INFORMATION PROVIDED =>
==========

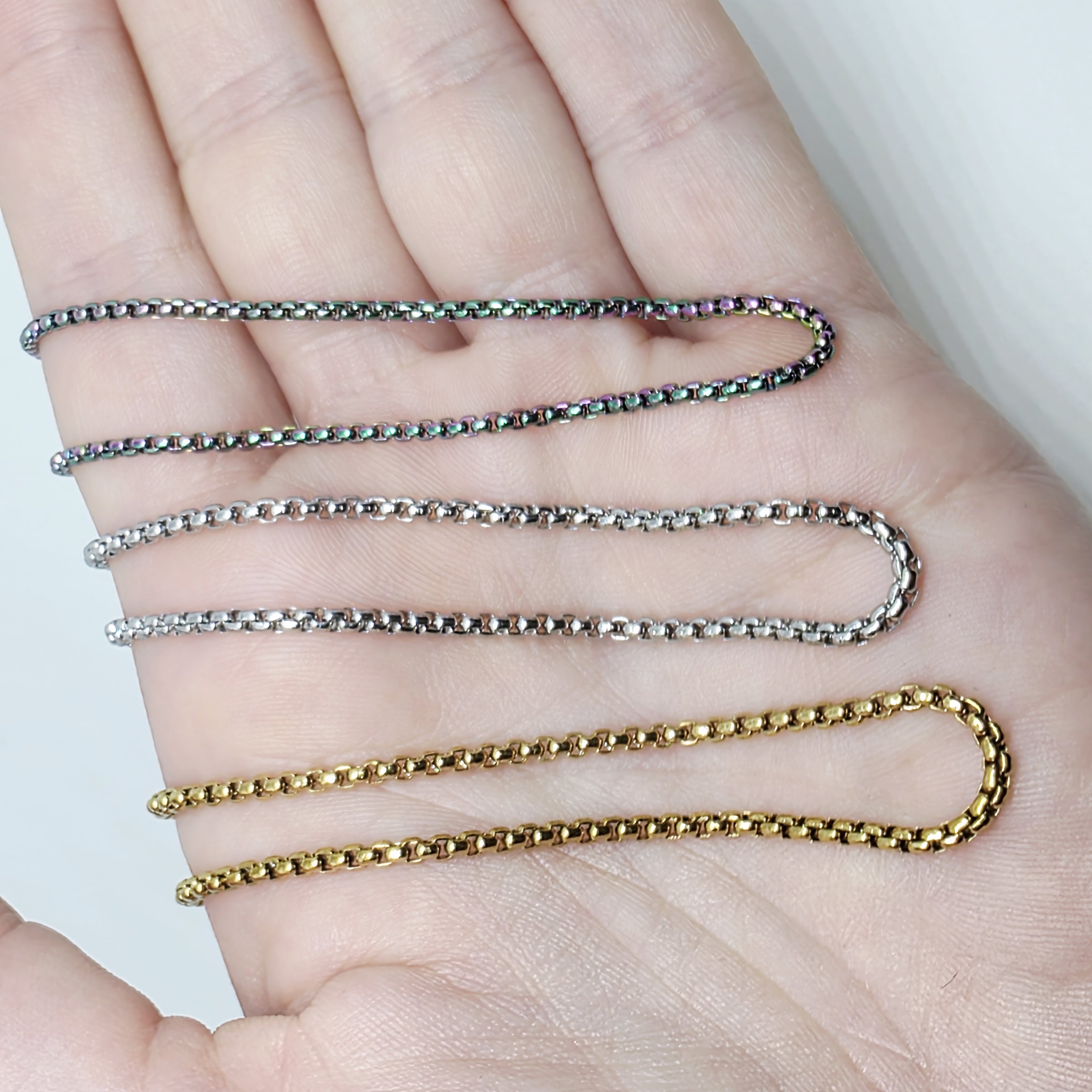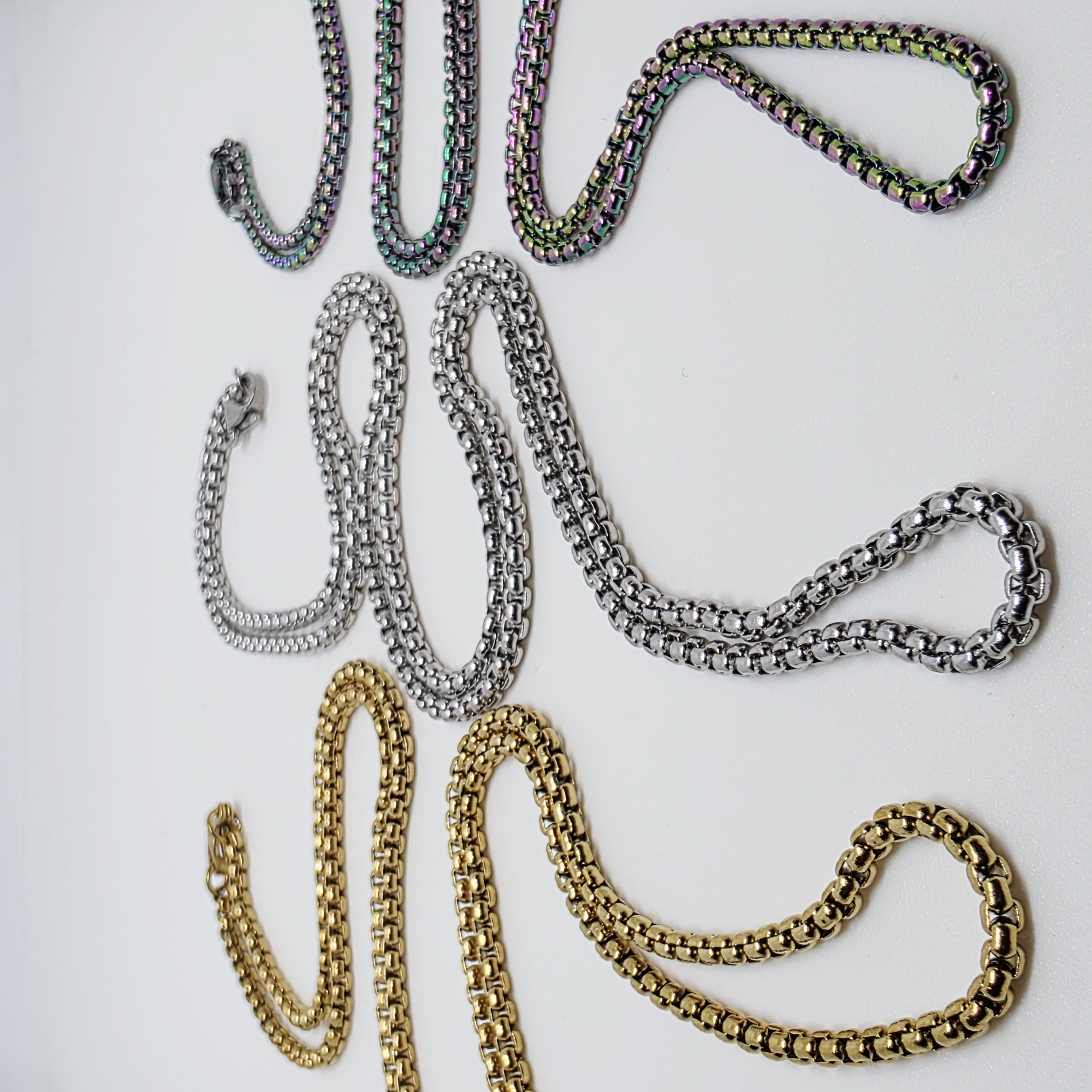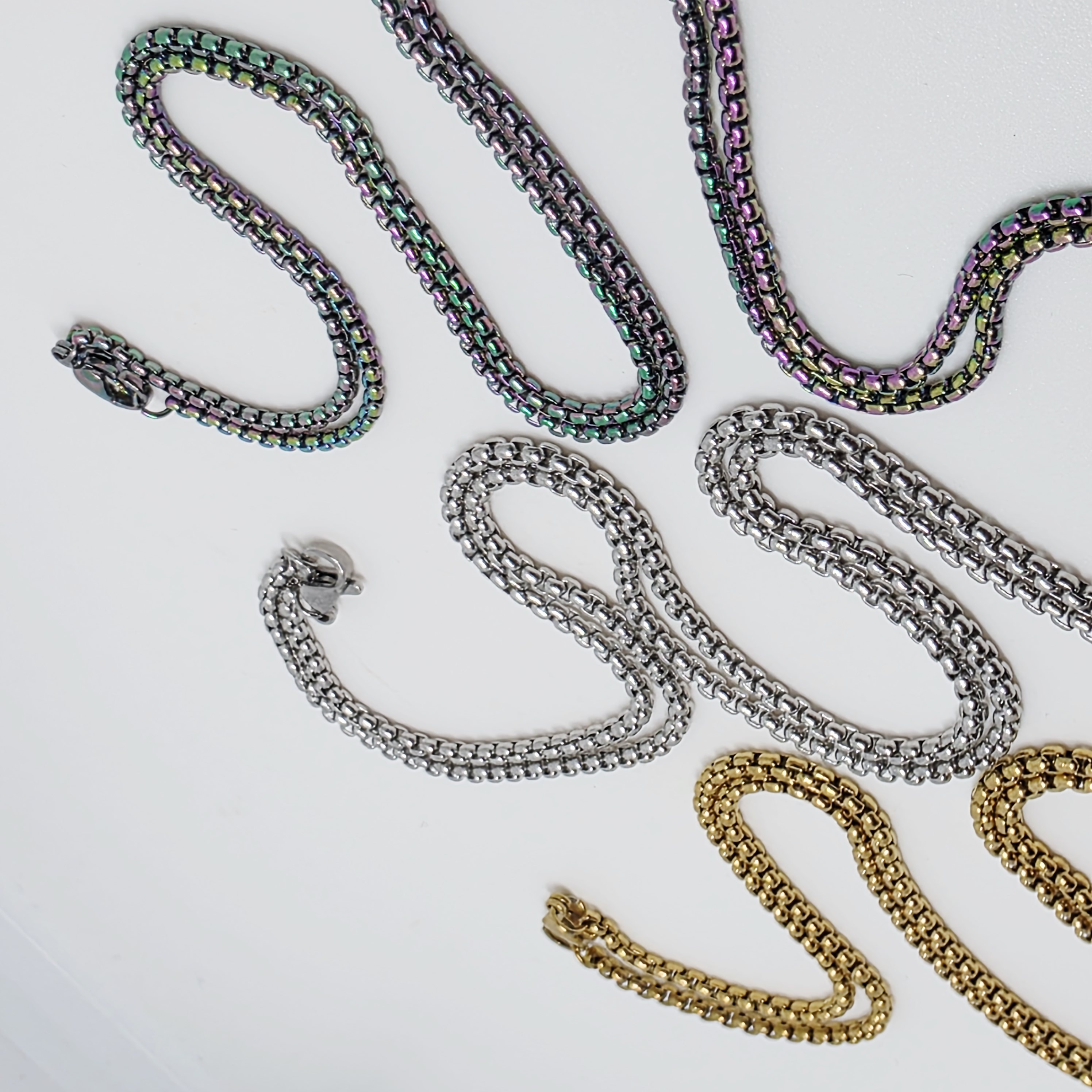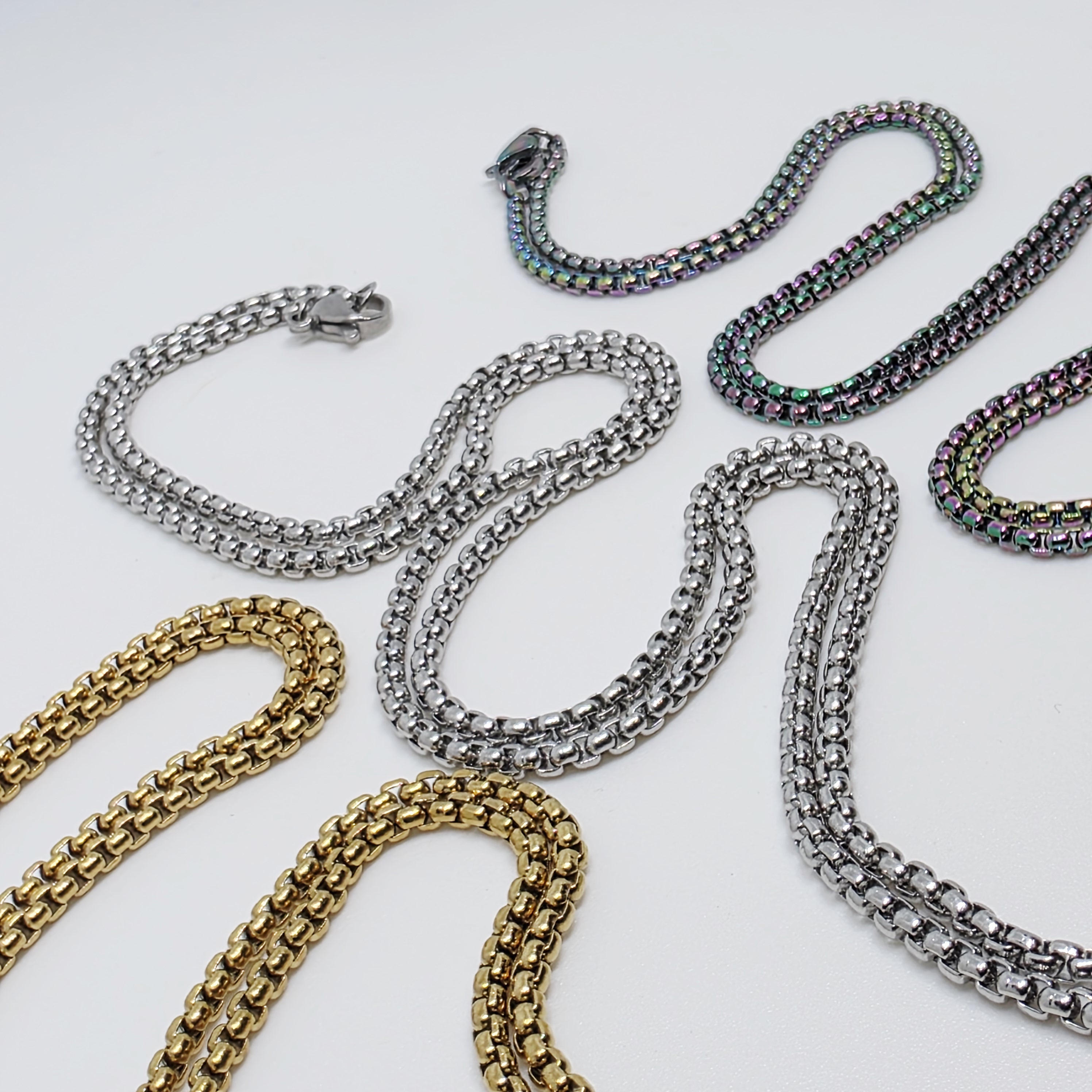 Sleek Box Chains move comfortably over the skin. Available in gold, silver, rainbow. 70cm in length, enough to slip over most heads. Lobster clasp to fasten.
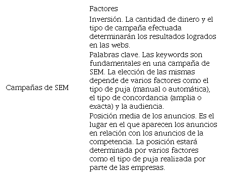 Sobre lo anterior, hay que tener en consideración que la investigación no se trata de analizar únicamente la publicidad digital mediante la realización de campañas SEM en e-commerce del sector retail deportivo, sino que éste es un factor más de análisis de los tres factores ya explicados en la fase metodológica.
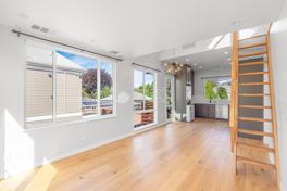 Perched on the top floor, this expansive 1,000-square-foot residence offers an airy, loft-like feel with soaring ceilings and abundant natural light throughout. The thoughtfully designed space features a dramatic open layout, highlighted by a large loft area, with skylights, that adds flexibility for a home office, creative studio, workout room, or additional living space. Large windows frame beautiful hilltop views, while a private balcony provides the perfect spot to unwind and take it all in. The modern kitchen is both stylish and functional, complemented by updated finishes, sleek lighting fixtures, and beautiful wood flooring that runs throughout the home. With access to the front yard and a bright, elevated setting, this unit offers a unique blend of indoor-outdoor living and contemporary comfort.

==========

TASK STATEMENT => Could you copy each line above exactly as written, minus any pictures?

TASK OUTPUT =>
 Sleek Box Chains move comfortably over the skin. Available in gold, silver, rainbow. 70cm in length, enough to slip over most heads. Lobster clasp to fasten.
 Sobre lo anterior, hay que tener en consideración que la investigación no se trata de analizar únicamente la publicidad digital mediante la realización de campañas SEM en e-commerce del sector retail deportivo, sino que éste es un factor más de análisis de los tres factores ya explicados en la fase metodológica.
 Perched on the top floor, this expansive 1,000-square-foot residence offers an airy, loft-like feel with soaring ceilings and abundant natural light throughout. The thoughtfully designed space features a dramatic open layout, highlighted by a large loft area, with skylights, that adds flexibility for a home office, creative studio, workout room, or additional living space. Large windows frame beautiful hilltop views, while a private balcony provides the perfect spot to unwind and take it all in. The modern kitchen is both stylish and functional, complemented by updated finishes, sleek lighting fixtures, and beautiful wood flooring that runs throughout the home. With access to the front yard and a bright, elevated setting, this unit offers a unique blend of indoor-outdoor living and contemporary comfort.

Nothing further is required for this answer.